Цикл «Медные трубы» – непосредственное продолжение книги «Серебро и чернь», вышедшей несколько лет назад, – там исследовалось поколение, родившееся между убийством Александра II и воцарением Николая II. Угол анализа виден из подзаголовка: «Русское, советское, славянское, всемирное в поэзии Серебряного века». Следующее поколение появилось на свет между Ходынкой и разгромом Первой русской революции. Оно уже не выбирало, спасать ли им старую Россию или добивать, – его выразителям была суждена доля первого советского поколения. Знаменательно, что помимо классиков социалистического реализма именно это поколение дало маршалов Великой Отечественной войны. Мой предмет – не история поэзии, а история ментальности, как она отразилась в судьбах поэтов.


Если судьба определяет поэту место рождения не вслепую, то есть смысл вдуматься, а прежде вслушаться – в имя деревни, где он появляется на свет в седьмой день ХХ века.

Глотовка. Осельской волости, Ельнинского уезда. При Советской власти – Всходского, потом Угранского района.

Что-то сельское, еловое. После революции – овеянное восходом, всходами. Потом – памятью об окончательном избавлении от ига...

Интересно, однако, как перекидывают из района в район, словно докучную ненужность, эту нищую деревню (при Советской власти – «неперспективную»), самое имя которой: Глотовка – заставляет вздрогнуть.

Откуда имя? Ясно: от клички. Был какой-то мироед, живоглот. Глотничал. У литературных критиков естественно возникает ассоциация: Глотовка – того же ряда, что Горелово, Неелово, Неурожайка тож.

Создатель этого ономастического ряда так же естественно первым попадает в руки (и западает в сознание) едва научившегося грамоте бедняцкого сына: «певец горя народного» – представлен он в хрестоматии Вахтерова.

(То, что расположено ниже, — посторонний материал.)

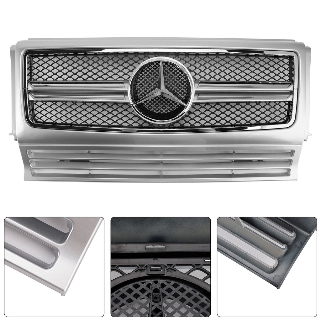 Chrome Black Front Bumper Grille Grill Fit for 1990-2018 Mercedes Benz W463

Попутно: как-то раз бедняцкие сыны сошлися и заспорили: где больше самоваров – в Глотовке или в Оселье? Оказалось поровну: по одному. Стали считать, где сколько книг. В Глотовке – две. Гадальная – «Оракул» и псалтирь.

Так что прежде, чем откроется в деревне школа (событие войдет в легенду: едет учительница, везет бутыль чернил и сто пять фунтов книг!),– грамоте будущий поэт обучится, читая молитвы над покойниками.

Еще немного статистики: он – двенадцатый ребенок в семье. Всего – тринадцать. Выживают пятеро. Это для русской деревни – нормально.

Теперь о матери этих тринадцати. Она, понятно, неграмотная. Из соседней деревни. Имя деревни: Некрасы.

Оценили камертон судьбы?

Между прочим, прежде, чем явился на Руси поэт с роковым вопросом: кому жить хорошо? – был еще один поэт, элегический романтик по фамилии Красов. Русь его забыла, она выбрала того, чья фамилия начинается с отрицательной частицы. Это ближе ее горестям.

Мать Исаковского – Дарка (вообще-то Дарья, но по правильному имени никто не зовет). Дарка Фильченкова. Возьми поэт фамилию матери,– так и звучало бы это чисто-русское, тихое, неброское...

Суждено оказалось иное, летящее: Исаковский.

Собственно, фамилия (по отцовской линии) проще: Исаков. Щегольской польский хвост приделал ей старший брат, выбившийся в рассыльные волостного правления. Думал, поможет. Не помогло: как ушел брат из деревни, так и пропал бесследно на беспутьях России, сорвавшейся в безумный век.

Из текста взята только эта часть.